Saved data entries
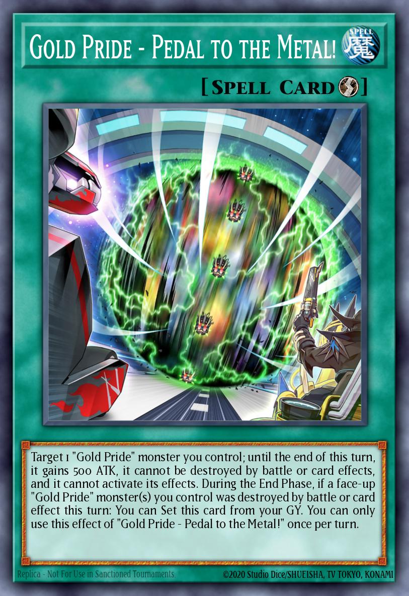 Target 1 "Gold Pride" monster you control; until the end of this turn, it gains 500 ATK, it cannot be destroyed by battle or card effects, and it cannot activate its effects. During the End Phase, if a face-up "Gold Pride" monster(s) you control was destroyed by battle or card effect this turn: You can Set this card from your GY. You can only use this effect of "Gold Pride - Pedal to the Metal!" once per turn.
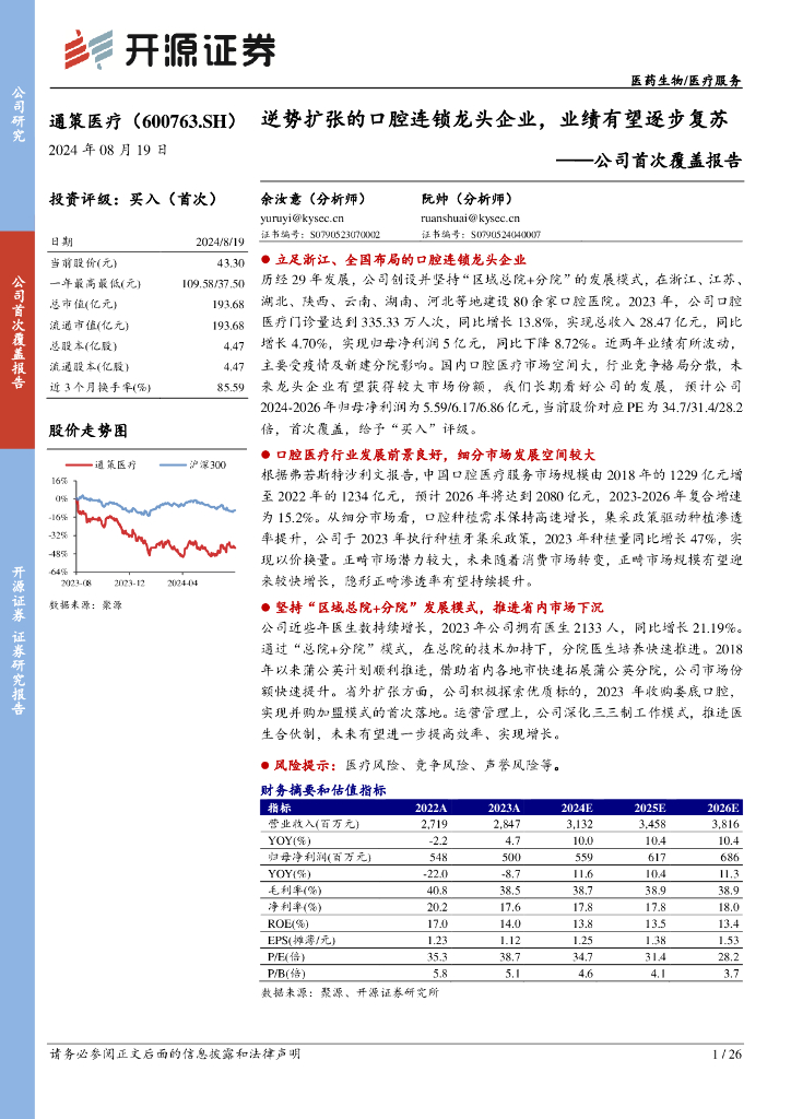 开源证券:通策医疗(600763)-公司首次覆盖报告:逆势扩张的口腔连锁龙头企业,业绩有望逐步复苏.pdf
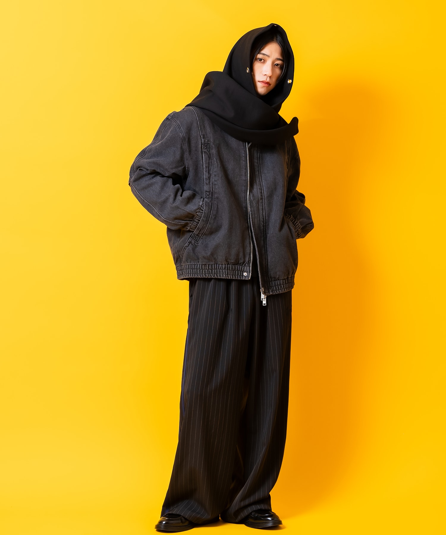 顏を覆う程の大きなフード×たっぷり首回りにボリュームをもたせてくれるワイド&ロングのマフラーパターンでストリートライクかつダーティーな雰囲気がグッドムード。フロント淵にあしらった大粒のアイレットをスタッズ打ちしたアッパーかつどこか無機質なモードニュアンスを漂わせるアクセントも好ギミック。コットンミニ裏毛のスウェット素材、ラギッドな生デニムと、キャラクターの異なるブラックカラーの2パターン展開。韓国ストリートファッション、スケーター、ストリートスタイル、モード等はもちろん、90s、Y2Kスタイル、古着ミックスやアメカジといったニュートロな空気感のアクセントとしても使いまわしのきく一品。
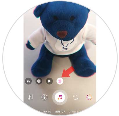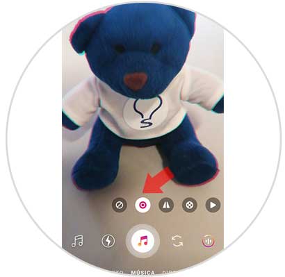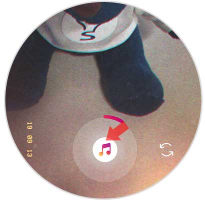 Una vez que has seleccionado el tema que te gusta, tienes que mantener presionado el icono de música para grabar el vídeo.
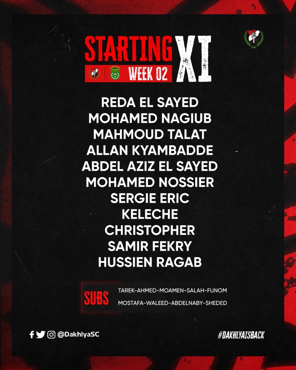 وفى المقابل، اعلن رضا شحاتة، المدير الفنى لفريق الداخلية،تشكيلة فريقه بقيادة عبد العزيز السيد زيزو والتي جاء كالتالي
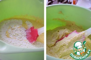 Просеянную муку смешать с разрыхлителем и, небольшими порциями, добавить в яично-масляную смесь, хорошо каждый раз перемешивая лопаточкой.
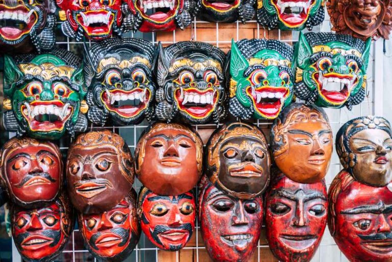 Les masques en bois jouent un rôle important dans les danses rituelles balinaises. Chaque masque incarne un personnage précis : divinité, démon ou figure mythologique. Ils sont souvent sculptés à la main dans des villages comme Mas ou Ubud.
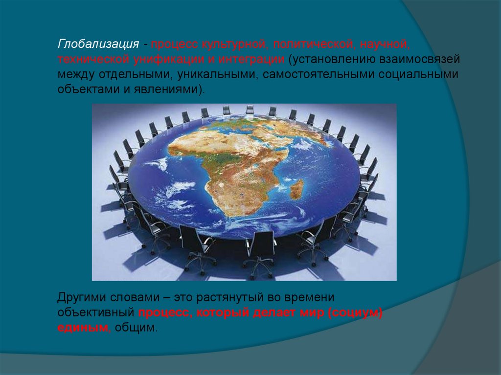 Глобализация - процесс культурной, политической, научной,технической унификации и интеграции (установлению взаимосвязей
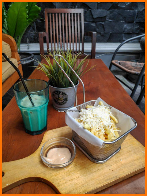Lalu soal french fries-nya, kafe ini enggak pelit memberikan potongan kentang goreng plus topping keju di atasnya. Wadah penyajiannya juga cukup estetik. Rasanya sih ya seperti french fries pada umumnya. Anak-anak saya cukup suka rasanya. Lumayan buat ganjel perut saat nungguin anak sekolah.
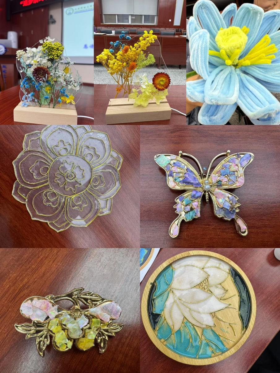 为丰富女教职工的文化生活,活动特别策划了“指尖艺术·匠心传承”体验环节。现场设置非遗掐丝珐琅画制作、螺钿胸针制作、干花小夜灯、非遗金箔画主题工坊,女教师们兴致盎然,巧手翻飞间,一件件精美的作品逐渐成型。活动过程中老师们感叹:“活动既让我们感受到传统手工艺的魅力,又为同事间的交流提供了轻松愉悦的平台。”
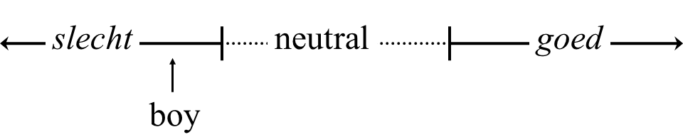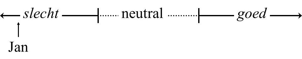 Although these semantic representations are adequate approximations of the meanings of the examples in (3), they do not fully express their meanings. By using (3a), we imply that Jan has a certain place on the implied scale of goodness in (2), as in (4a), while in (3b) we imply that there is at least one boy who has a certain place on the scale, as in (4b); in the case of the plural slechte jongensbad boys, each boy can be in a different place, as long as they are before the neutral zone.
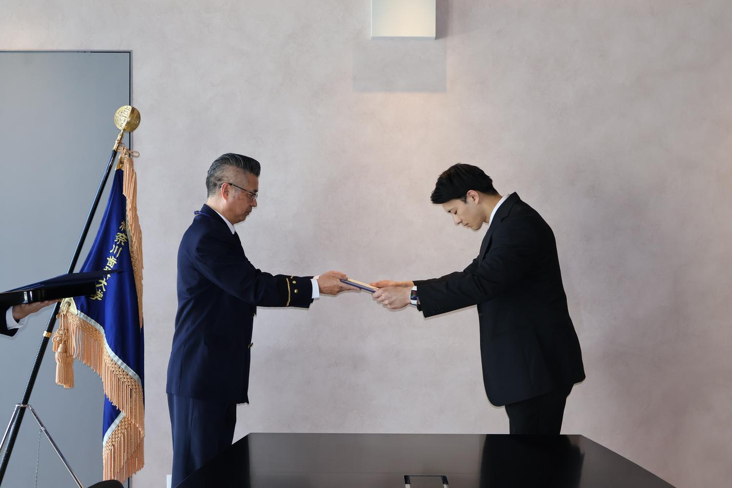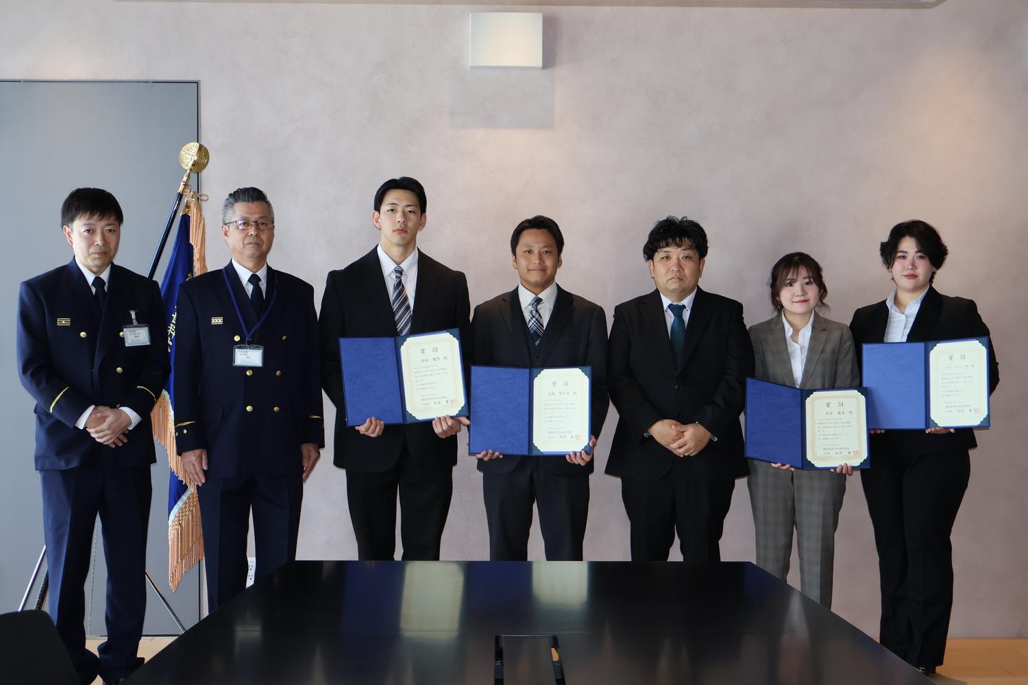 このたび、その功績に対し、横須賀市中央消防署より表彰が授与され、本学において表彰式を執り行いました。式典では、消防署関係者の皆様より当時の対応についての講評が述べられるとともに、救助された方にもご臨席いただき、感謝のお言葉を頂戴する機会となりました。
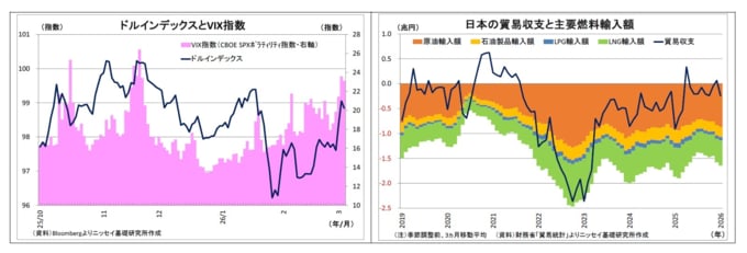 実際、今回の武力衝突発生後は、米株式市場の警戒感を示すVIX指数の上昇と歩調を合わせる形で、ドルの総合的な強さを示すドルインデックスも上昇している。
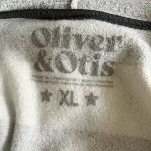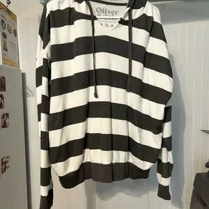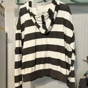 Soft V-neck hoodie with bold charcoal gray and white stripes. Comfortable and stylish with fleece lining. Never worn. Measurements in photos.
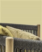 Jak název naznačuje, kolekce "Lento" (italsky pomalý) se zaměřuje na zpomalení. Užívání si la dolce vita při provádění důležitých věcí je přesně to, co měl belgický designér Bertrand Lejoly na mysli při navrhování kolekce Lento. Výrazné kusy venkovního nábytku jsou charakterizovány kombinací přírodního teakového dřeva, polypropylenového provazu a pohodlných polštářů spojených v nízkých designech. Zatímco celkový dojem je uvolněný a relaxační, výrazné masivní nohy z teakového dřeva a vysoké tkané opěrky z provazu dávají kolekci bohatou a poutavou osobnost. Antracitový provaz a příjemný teakový odstín se skvěle hodí k Lento konferenčním stolkům. Stolky mají světlou keramickou deskou, která vytváří prostorný pocit a zároveň přidává strukturu. Ponořte se do pohodlných křesel a odpojte se ve svém vlastním kokonu útulnosti.
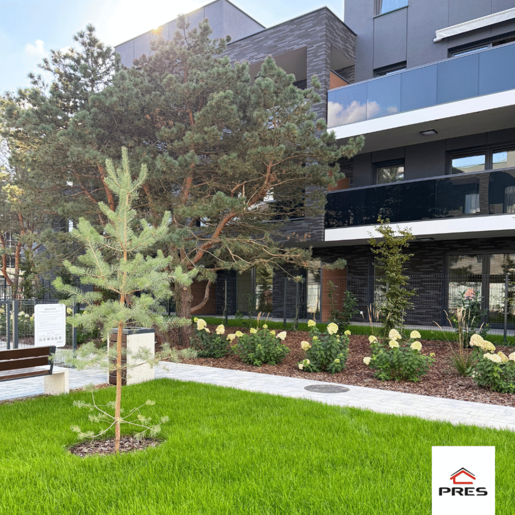 Z każdym dniem przestrzeń nabiera coraz więcej uroku – pojawiają się nowe nasadzenia, a zieleń wspaniale dopełnia nowoczesną architekturę. Pierwsi mieszkańcy już się wprowadzają, dzięki czemu osiedle zyskuje wyjątkową, rodzinną atmosferę. To miejsce, w którym naprawdę można poczuć się jak w domu. 🏡
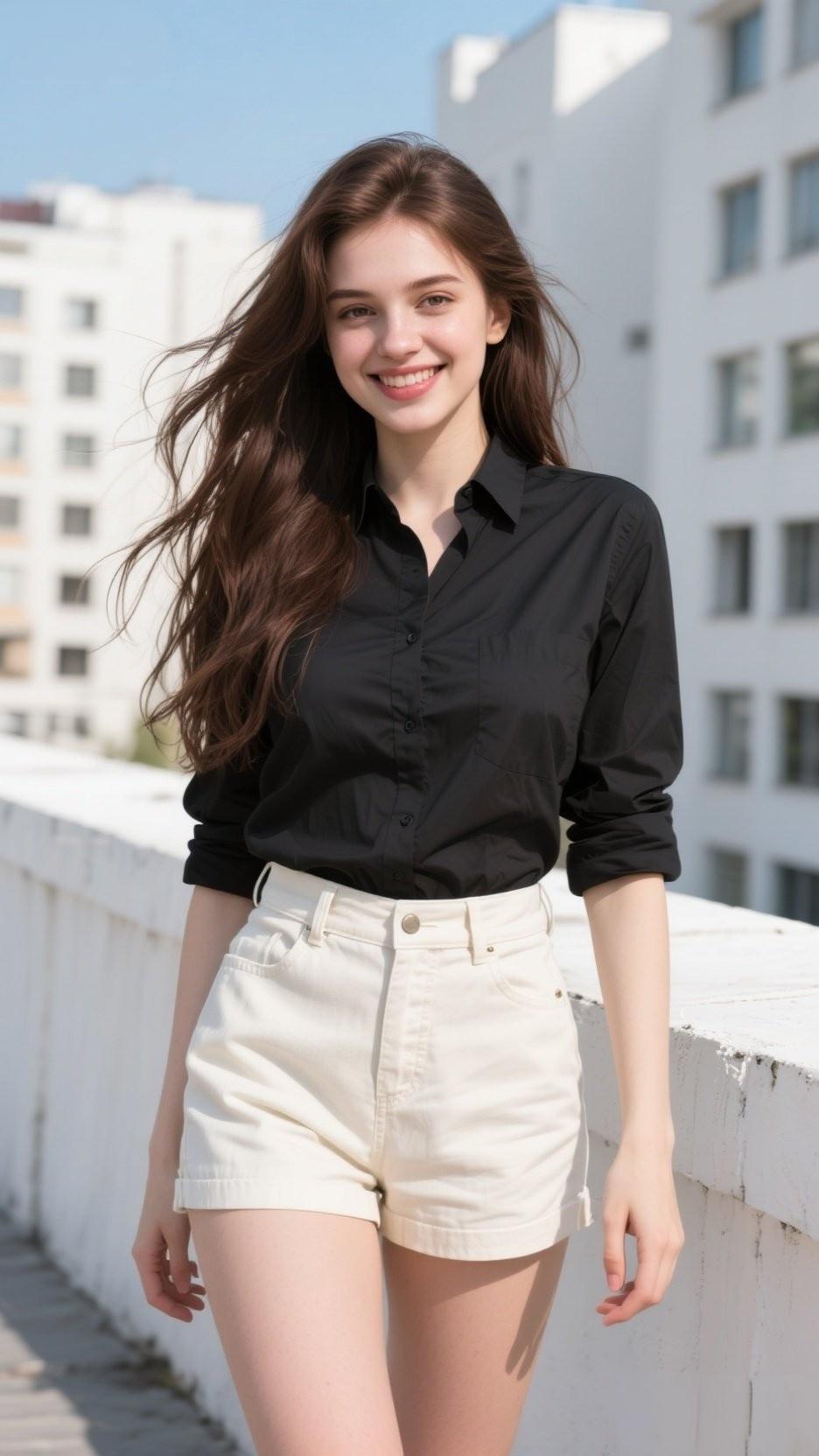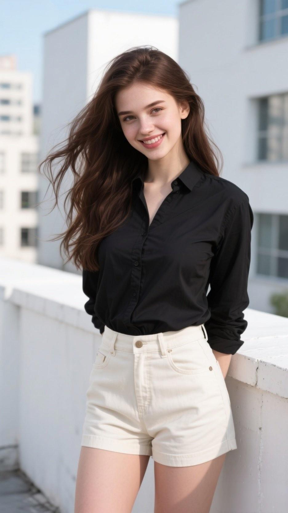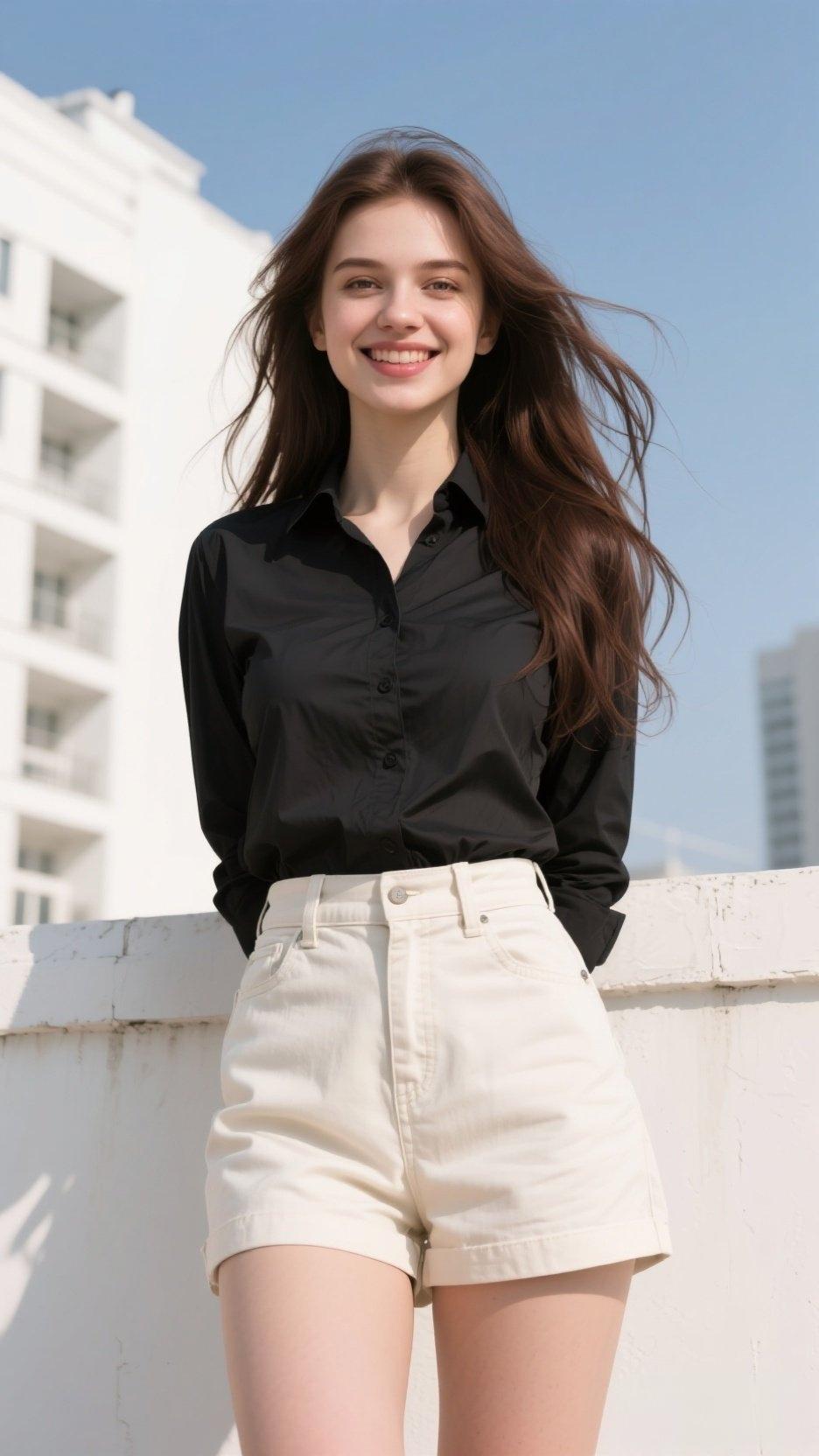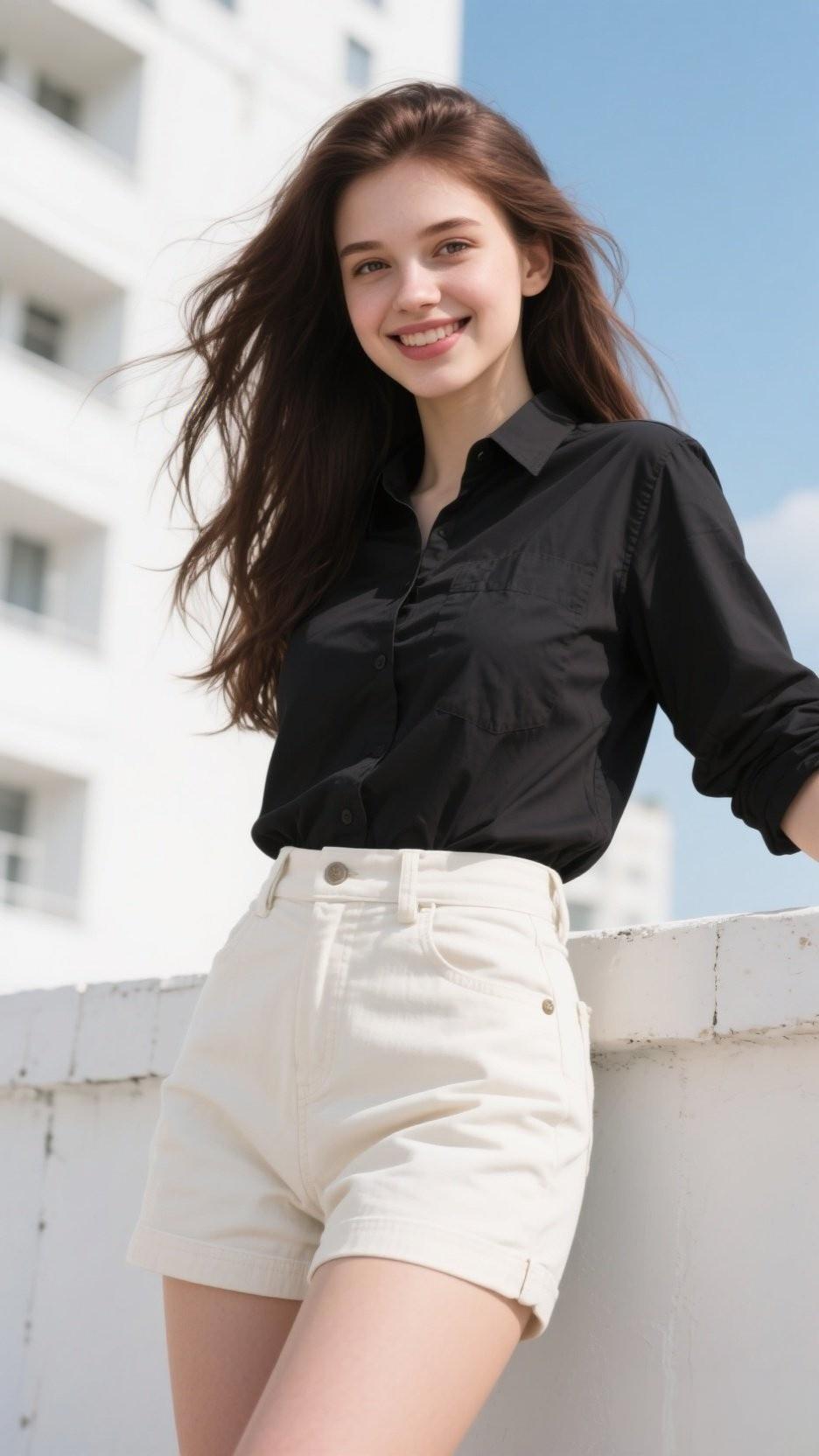 黑色衬衫搭配米色短裤,这组合就像是都市风穿搭里挖到的“宝藏盲盒”,一打开满是惊喜! 黑色衬衫可是时尚界的“六边形战士”,作为经典基础款,适配度简直爆表。它简约的剪裁,流畅的线条,仿佛自带一层优雅的滤镜。长袖设计在秋冬就像给你裹上了一层温暖又神秘的“隐形毛毯”,藏着恰到好处的神秘感。而且不管是紧身款还是宽松款,都能像个贴心的造型师一样,把你的身形凸显出来。 米色短裤则如同春日里的一抹暖阳,柔和明亮。和黑色衬衫搭配在一起,就像两个默契的搭档,低调又高级,简单却绝不单调。这套穿搭简直是个“全能选手”,日常出行穿上它,让你清新得像一朵山间小花;休闲聚会、朋友聚餐时,又能像一颗独特的星星,展现魅力,彰显精致品位。别犹豫啦,赶紧试试这简约时尚的搭配,说不定你就是下一个时尚宠儿! 高腰白短裤搭配

| REQUIRED WORK |
Restate word for word the lines of the data above that begin at the line with "実際、今回の武力衝突発生後は" and end at the line with "Soft V-neck hoodie", keeping both ends and dropping every picture.

| TASK SOLUTION |
 実際、今回の武力衝突発生後は、米株式市場の警戒感を示すVIX指数の上昇と歩調を合わせる形で、ドルの総合的な強さを示すドルインデックスも上昇している。
 Soft V-neck hoodie with bold charcoal gray and white stripes. Comfortable and stylish with fleece lining. Never worn. Measurements in photos.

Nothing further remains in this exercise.